The introduction of compliance officers for legal practice (COLPs) and for finance and administration (COFAs) are integral to outcomes-focused regulation, placing the onus on firms to manage risks in their delivery of legal services.

But the process to embed effective governance and risk management may take longer than envisaged. In January, the SRA revealed that more than 1,200 COLP and COFA nominees failed an automatic verification exercise to check their suitability. In board papers, the SRA stated that 450 failed the test for ‘multiple issues’, ranging from undisclosed criminal convictions to serious disciplinary sanctions. Following detailed investigations and renominations, around 60 nominees had issues so serious that their applications were refused.

Maher says concern over availability of PII coverage should prompt more firms to re-examine their approach to risk management. ‘Law firms cannot take a "tick-box" approach to their own governance and ignore the importance of risks to their business,’ he concludes. ‘If lawyers continue to underestimate these issues, they will find it difficult to find affordable PII cover with a rated insurer.’

  • For a comprehensive, regularly updated list of both rated and unrated insurers, and further information on the type of firm/work they insure, see the Law Society’s Guide to Insurers 2013-14 on the Law Society website.

Relationship advice

Swansea-based Douglas-Jones Mercer Solicitors has six partners. Practice director Barry Davies says his firm has been fortunate always to secure cover easily and at good market rates. He says this is because he spends a lot of time looking at what information brokers and insurers need.

Davies says it is very important for law firms to have ‘an ongoing, open and honest’ relationship with their insurers and brokers: ‘You need to keep a running dialogue about the plans you have for the business, as this may have an impact on your premiums.’ For example, Davies notes, ‘insurers should be informed if you are thinking of merging with another firm, because your risk profile is likely to change, particularly if the firm you are merging with has a bad claims history or does a lot of conveyancing work.’ Similarly, he adds, ‘if you increase or decrease the number of partners or start working in different areas of law, you should let the insurer know.’

Davies also advises peers in other law firms to check the level of cover they are getting to see whether it exceeds the minimum terms, and warns against being tempted to fill in multiple applications for different insurers. ‘Law firms should check the market carefully and see which providers are likely to offer the best coverage at the most suitable rates for their size of firm,’ he says. ‘I’ve been told by brokers and insurers directly that nothing riles them as much as when they receive multiple applications from the same law firms, especially when they are handwritten illegibly and missing basic details.
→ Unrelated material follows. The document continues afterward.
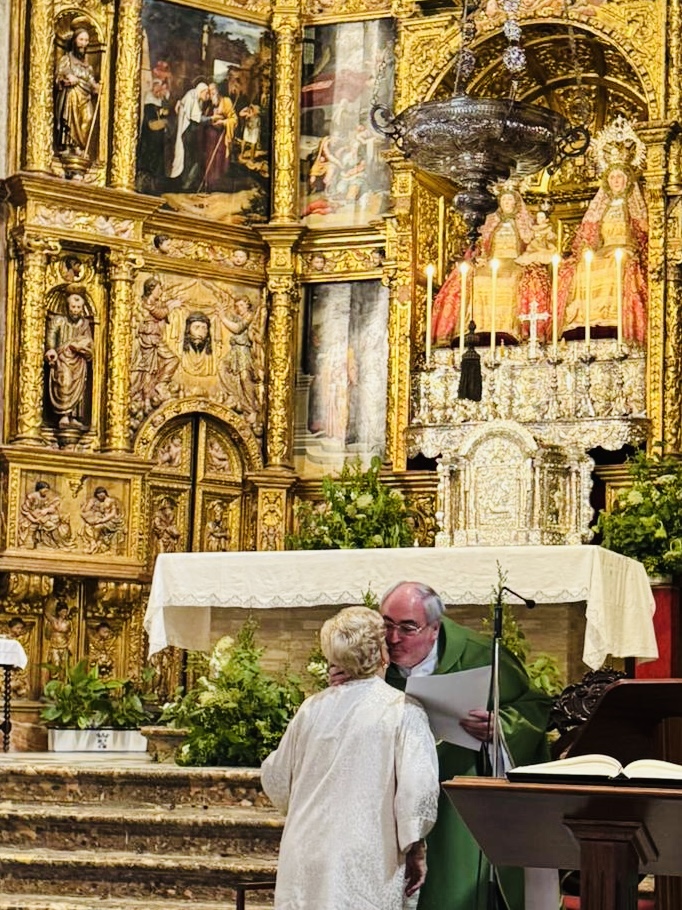 domingo 21 de septiembre, han tomado posesión de sus servicios a la comunidad y a los más pobres de nuestra feligresía los siguientes colaboradores de Cáritas parroquial: Doña Carmen Salgado Rodríguez, como directora, Don Arturo Lammers García, como tesorero, Don Fernando Carbonero Celis, como secretario, y Doña Setefilla Lora Gancedo y Doña María Jesús Pérez Moro como vocales de Cáritas de la Real Parroquia de Señora Santa Ana. El nuevo equipo directivo ha recibido el encargo del párroco de sensibilizar, a las personas que participan en la Eucaristía dominical, a los grupos parroquiales y a las hermandades de la Parroquia, en la importancia de colaborar con Cáritas parroquial y a través de ella en la atención a nuestros vecinos más necesitados.

It really counts against them.

Richard Palmer, head of professions and insurance at mid-sized commercial law firm Watson Burton , says ‘at our level, there is plenty of choice of insurer’. Palmer has been responsible for arranging Watson Burton’s PI insurance cover for the past 10 years. ‘It makes sense for me to take charge because dealing with professional indemnity is something I do as a day job, so I have a deeper understanding about the issues, and what insurers and brokers will be looking for.’ He adds: ‘My experience has helped us get better coverage than the minimum terms, but mainly I manage to get our premium at a more competitive price.’

Palmer also stresses the importance of a close relationship with brokers and insurers. He has kept the same broker for a decade and has long-term relationships with two insurers. ‘Both parties want to be kept up to date with any significant changes to the firm – any claims being made or likely to be made, changes in the type of legal work being done, changes in the number of partners and staff and so on – as this can affect the risk profile of the business,’ he says. A lot of law firms do not "get" this, and they risk damaging the relationship with their insurers unnecessarily.’